Is there existing functionality to extract only the dataframes from AnnData HDF5 objects? That is, directly extract the equivalents of colData
and rowData
from .h5ad
files.
The anndata
package only seems to load the full object (plus, I very much dislike the fact that it is wrapper for the Python package, i.e., requires a Python installation). The HDF5Array
package can import the matrix, as a DelayedArray
, but doesn't include the dataframes.
For now, I am using the following code, but would prefer if this functionality was packaged somewhere.
library(tidyverse)
library(rhdf5)
read_ad_df <- function (file, name) {
x_attrs <- h5readAttributes(file, name)
## check requested entry is a dataframe
## TODO: do we need to check encoding-version?
stopifnot(x_attrs[['encoding-type']] == "dataframe")
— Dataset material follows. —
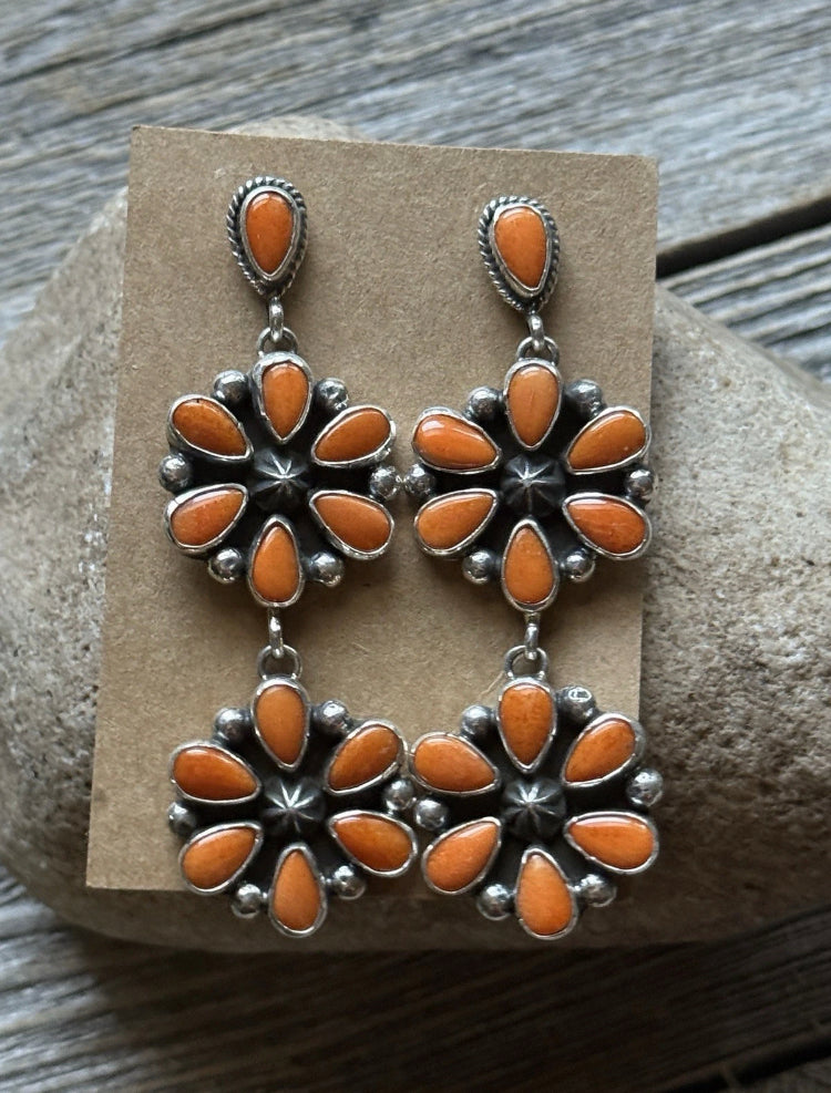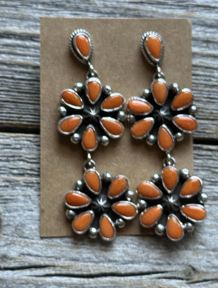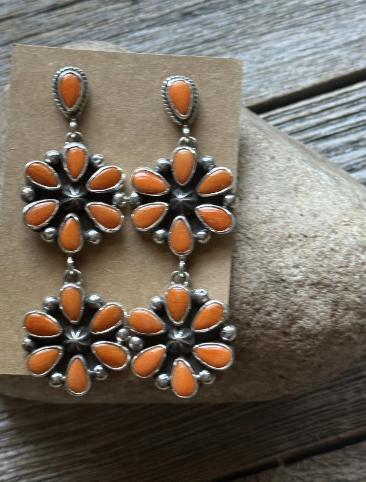 Navajo 925 Sterling Silver Orange Spiny Oyster Cluster Handmade Earrings Artist: LY Measurements: 2.75 Inch by 0.9 inch Best Offers Accepted! |

## rownames and columns in order
idx_cols <- unlist(x_attrs[c("_index", "column-order")], use.names=FALSE)
## load the factor levels
x_levels <- h5read(file, str_c(name, "/__categories"))
## load dataframe
h5read(file, name)[idx_cols] %>% as_tibble() %>%
## replace categorical columns with proper factors
mutate(across(any_of(names(x_levels)), ~ factor(x_levels[[cur_column()]][.x+1L])))
}
where read_ad_df(FILE, "/obs")
retrieves colData
and read_ad_df(FILE, "/var")
retrieves rowData
.